DATA SHOWN section start

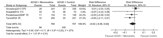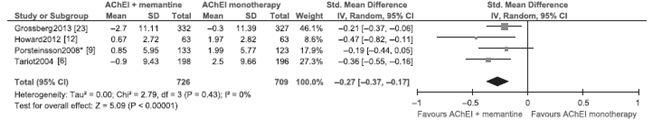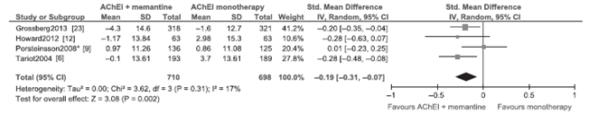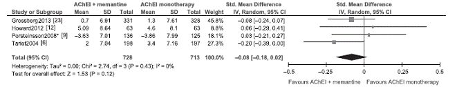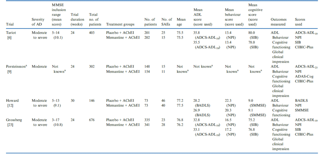 表1体现了检测报告的特性把里面物的标准单位定为荟萃阐述。七个检测报告中的多个检测报告属于了的人在轻轻中重度至轻中重度的问题时间段MMSE 条件在5至14[6],5-13 [12]和3-14 [23]。一5个检测报告属于重度至轻轻中重度时间段MMSE的条件在10和22 [9]。这方面实验[9] 433中只304个直接体验者在AD的轻轻中重度时间段MMSE在10和20分彼此属于现行的荟萃阐述[28]。多米诺实验[12]共例入295例的人,但只146再继续用CHEI治療。其中的73例容忍CHEI加安抚剂美金刚和与此同时73例容忍 CHEI还有的催化活性美金刚。只这5个亚组在让我们的荟萃阐述中适用。直接参与的阐述的总总人口为1549。
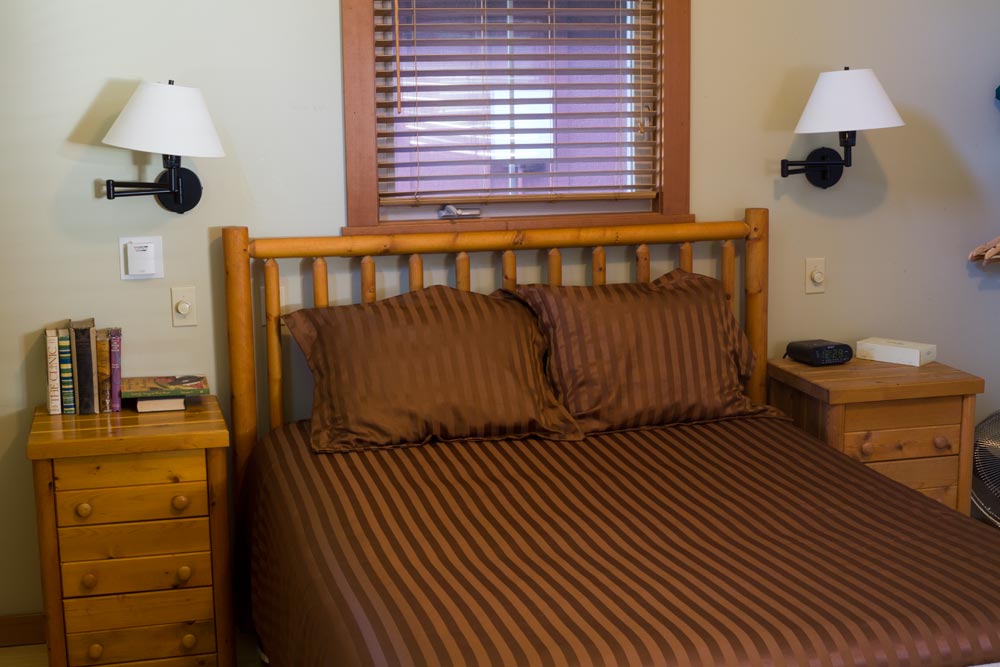 Lark is an accessible studio. The Lark is a charming, bright two person studio with full wheelchair-friendly design including a bathroom with a roll in shower, full kitchen, gas fireplace, and a queen bed. Wifi and wired internet, TV-with HBO, VCR, telephone, clock radio, iron and ironing board. The Lark has the following accessibility features: visual fire and smoke alarms, grab bars in the bathroom, roll up sinks, roll in shower, 36″ clearance on the side of the bed, lowered hooks and rod for hanging clothes, hearing impaired kit with tty phone and door knocking alert, reserved parking with a disabled placard, elevator with braille signage, accessible path of travel from the reserved parking to the elevator and from the elevator to the accommodations.
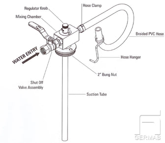 Injektorblandare för blandning av olika vätskor t.ex. avfettning, microemulsioner, glykol, spolarvätska etc. Injektorn ansluts till lokalens vattenledningsnät samtidigt som sugrör ansluts till inblandningsvätskan. Injektorblandaren är försedd med utvändiga gänga G2" för fatanslutning. Utrustningen levereras med 1,0 m sugrör samt 0,6 m utloppsslang. Material som kommer i kontakt med vätskan är aluminium, rostfritt, stål, mässing, acetal, PVC, nitrilgummi NBR.'
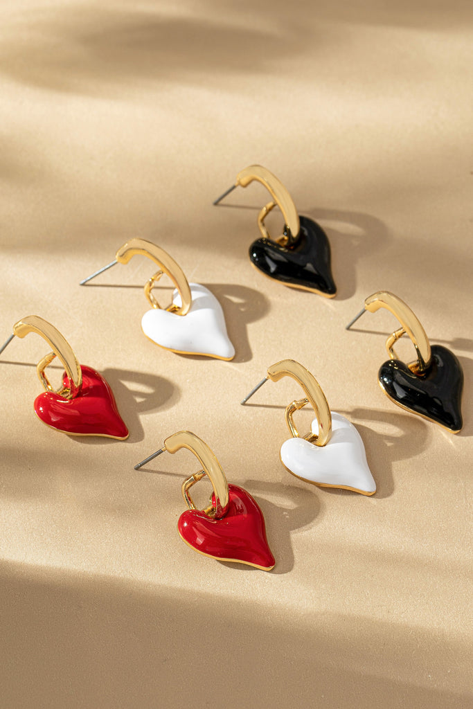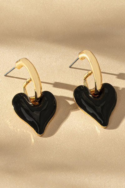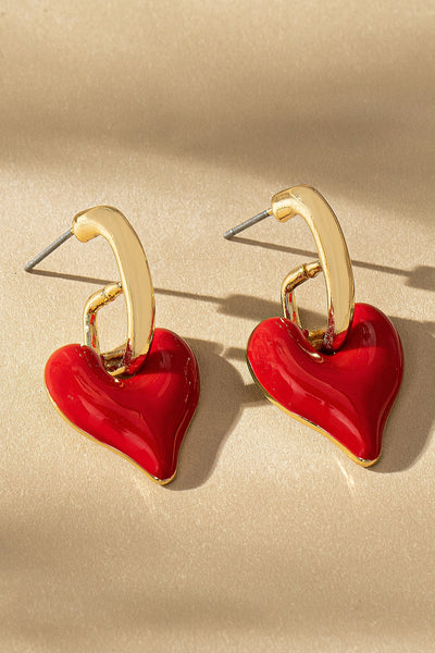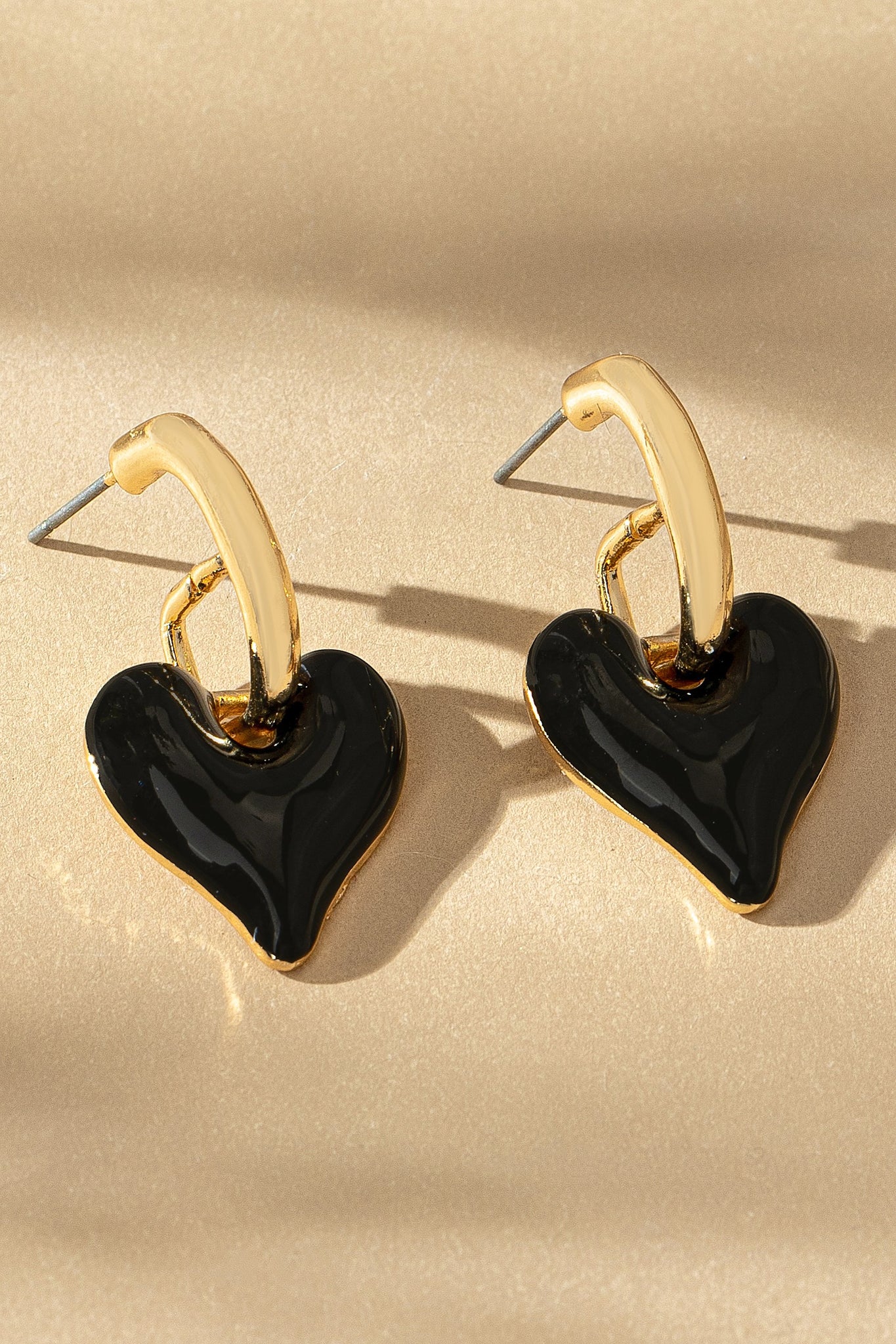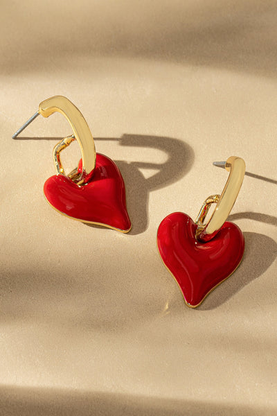 Enamel puffy heart charms dangle from sleek huggie hoops, adding a playful and romantic touch to your everyday style.

DATA SHOWN section end

**TASK STATEMENT**
Exact repetition is the task: every line from the start of the data to the line with "Lark is an accessible", inclusive, and none after it, pictures omitted.

**YOUR RESPONSE**
 表1体现了检测报告的特性把里面物的标准单位定为荟萃阐述。七个检测报告中的多个检测报告属于了的人在轻轻中重度至轻中重度的问题时间段MMSE 条件在5至14[6],5-13 [12]和3-14 [23]。一5个检测报告属于重度至轻轻中重度时间段MMSE的条件在10和22 [9]。这方面实验[9] 433中只304个直接体验者在AD的轻轻中重度时间段MMSE在10和20分彼此属于现行的荟萃阐述[28]。多米诺实验[12]共例入295例的人,但只146再继续用CHEI治療。其中的73例容忍CHEI加安抚剂美金刚和与此同时73例容忍 CHEI还有的催化活性美金刚。只这5个亚组在让我们的荟萃阐述中适用。直接参与的阐述的总总人口为1549。
 Lark is an accessible studio. The Lark is a charming, bright two person studio with full wheelchair-friendly design including a bathroom with a roll in shower, full kitchen, gas fireplace, and a queen bed. Wifi and wired internet, TV-with HBO, VCR, telephone, clock radio, iron and ironing board. The Lark has the following accessibility features: visual fire and smoke alarms, grab bars in the bathroom, roll up sinks, roll in shower, 36″ clearance on the side of the bed, lowered hooks and rod for hanging clothes, hearing impaired kit with tty phone and door knocking alert, reserved parking with a disabled placard, elevator with braille signage, accessible path of travel from the reserved parking to the elevator and from the elevator to the accommodations.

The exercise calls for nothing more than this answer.